I was wondering that myself. Another comparable is the EagleTac T20C2 Mk II with the R5. That's only 1.7 hours at 380 lumens. Is some magic going on with the M20 R5?


----------



## Ace12 (Apr 14, 2010)

JB said:


> I was wondering that myself. Another comparable is the EagleTac T20C2 Mk II with the R5. That's only 1.7 hours at 380 lumens. Is some magic going on with the M20 R5?


 

I think the eagle is OTF lumens and the Olight is emmiter lumens. The Eagletac may be driven harder.


----------



## uncle wong (Apr 14, 2010)

If latest version M20-R5 using the same driver from previous version M20.
1X18650 wont work well like previous problem 
U need CR123 push to max 
Correct me if i m wrong


----------



## CM2010 (Apr 15, 2010)

lloydh said:


> How does the M20 manage 4 hours at 320 lumens when the comparable Fenix TK11 only lasts 2.7 hours at 285 lumens? Even accounting for some marketing inflation that seems pretty significant.



In the instructions it says this is only with a 2500mAh 18650.

Postie just dropped mine off heres a few pics before i head off out:


----------



## uncle wong (Apr 15, 2010)

Plzz post some beamshot here


----------



## MattK (Apr 15, 2010)

Ace12 said:


> I think the eagle is OTF lumens and the Olight is emmiter lumens. The Eagletac may be driven harder.




It's extremeley unlikely that the ET is 380 OTF - assuming it's actually 380 at emitter then they're using a LOT more current to squeeze out those extra lumens as the efficiency dropoff is severe at higher currents.

Guessing based from jtr1962's LED testing thread you'd need to use 30% more current to go from 320L to 380L with an R5 (850mah vs 1100mah).


----------



## Ace12 (Apr 15, 2010)

MattK said:


> It's extremeley unlikely that the ET is 380 OTF - assuming it's actually 380 at emitter then they're using a LOT more current to squeeze out those extra lumens as the efficiency dropoff is severe at higher currents.
> 
> Guessing based from jtr1962's LED testing thread you'd need to use 30% more current to go from 320L to 380L with an R5 (850mah vs 1100mah).


 

The website I was looking at just said the eagleTac had 300+ OTF. It didn't actualy say 380. If it has 380 emmiter lumens it could still have 300+ OTF, couldn't it?


----------



## sfca (Apr 15, 2010)

Ace12 said:


> The website I was looking at just said the eagleTac had 300+ OTF. It didn't actualy say 380. If it has 380 emmiter lumens it could still have 300+ OTF, couldn't it?

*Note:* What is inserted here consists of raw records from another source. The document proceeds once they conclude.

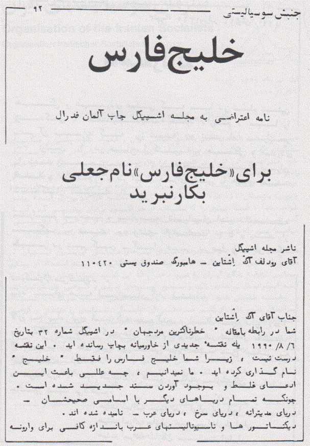 تاريخ انتشار در سايت سازمان سوسياليستهای ايران ـ سوسیالیستهای طرفدار راه مصدق در روز سه شنبه ٨ بهمن ماه ١٣٩٨ / ٢٨ ژانویه ٢٠٢٠درهمین رابطه ـ ترجمه متن نامه سازمان سوسیالیستهای ایران به وزیر امورخارجه آلمان در اعتراض به تغییرنام خلیج فارس جناب آقای دکترفرانک ـ والتر اشتاین مایر http://www.ois-iran.com/2015/mehr-1394/ois-iran-2028-Namahe_OIS_be_DR_Steinmeier.htm
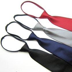 10cm宽男士正装商务拉链领带一易拉得懒人领带黑酒红藏青蓝色条纹
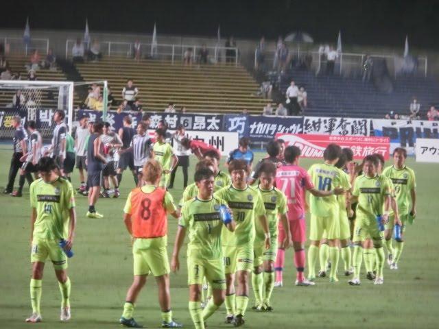 ピッチに座り込むアビスパ福岡の選手を包み込んだ福岡サポーターの歓声。
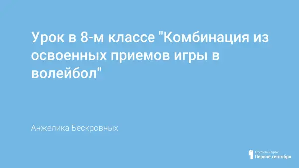Урок в 8-м классе "Комбинация из освоенных приемов игры в волейбол" направлен на закрепление изученных приемов техники владения мячом. В структуру урока входит самооценка учащимися выполнения упражнений по ОФП и техники владения мячом.

For the Mark II they used OTF lumens (300 in this case). They also quoted 380 emitter lumens.

For the Mark I they used emitter lumens. Which is confusing cause it's also 300 lumens!

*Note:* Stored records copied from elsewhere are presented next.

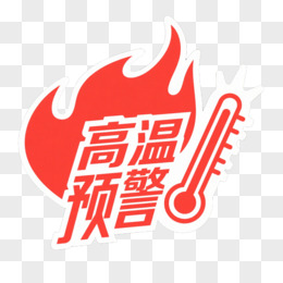 红色艺术字高温预警和温度计火焰免抠元素
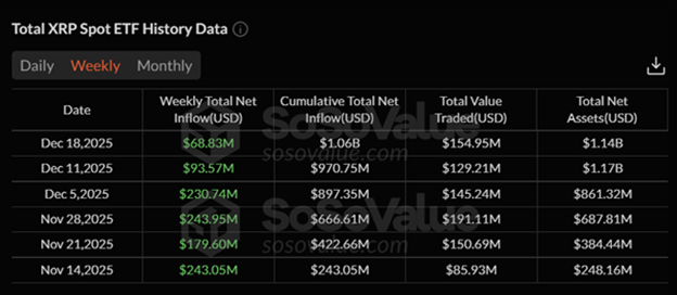 Institutional access is now firmly established. Regulated spot XRP ETFs have accumulated more than $1.14 billion in assets—nearly 1% of circulating supply—with consistent weekly inflows. This isn’t speculative hype; it’s portfolio allocation.
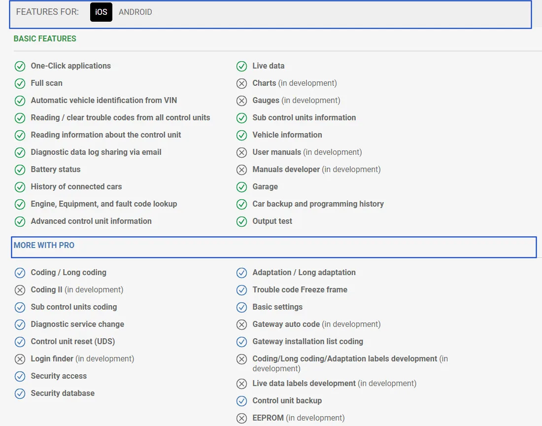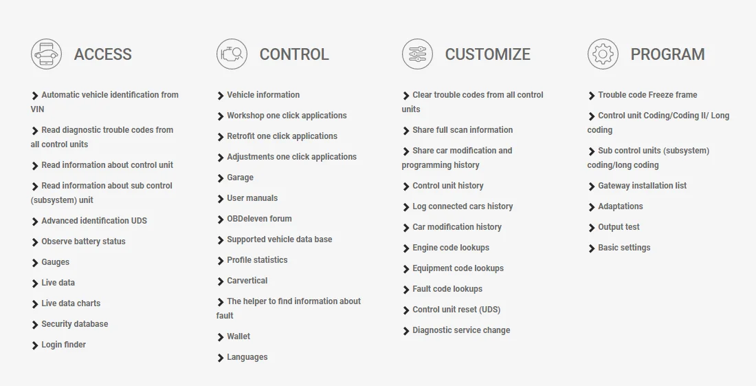 OBDeleven device becomes a professional tool upgraded with 12-month PRO subscription, which unlocks the functionality of advanced diagnostic systems for all VAG group cars: Audi, Volkswagen, Seat and Skoda. Operating with easy to use application it allows you to fully access all car systems, program, monitor and activate various functions via your smartphone.

Adding to the confusion is the fact the official Eagletac manufacturer page hasn't been updated with the recently released model specs - they're still on mark I (300 lumens), but one can't tell right off.
The physical changes can be seen from Mark I to Mark II, but quickly scanning the pages one won't immediately pick up it's the _old _model they're looking at.


----------



## MattK (Apr 16, 2010)

Ace12 said:


> The website I was looking at just said the eagleTac had 300+ OTF. It didn't actualy say 380. If it has 380 emmiter lumens it could still have 300+ OTF, couldn't it?



Yes, using the 20% rule of thumb loss 380 emitter lumens could = 300 OTF with an efficient reflector and AR glass. That doesn't mean that the ET is 380 emitter or 300 OTF though.


----------



## Rod911 (Apr 16, 2010)

bigchelis has already tested the T20C2 MKII, so having him test this light to get a like for like test would be interesting.

If driven hard enough, an XP-G based light can hit 300+ OTF lumens (based on independent testing by the likes of MrGman and bigchelis).


----------



## MattK (Apr 16, 2010)

I'm sure an XP-G R5 can hit 300L if driven hard enough...if driven hard enough one could hit 400L but the efficiency drop-offs are such that is is undesirable to drive them past a certain point - and of course the loss of efficiency means more heat which means even higher inefficiencies - it's a vicious circle.


----------



## lebox97 (Apr 16, 2010)

this thread is about the new Olight M20-R5 - 

but for the record...
EagleTac T20C2 MKII XP-G R5 is driven at 1.2a+
- Current CREE specs says output is 399 lumens at emitter/LED, 
- BigC measured 319 OTF Lumens in his IS thread.
- Selfbuilt and light-reviews got 2+ hours runtime on Turbo mode (on an 18650 cell).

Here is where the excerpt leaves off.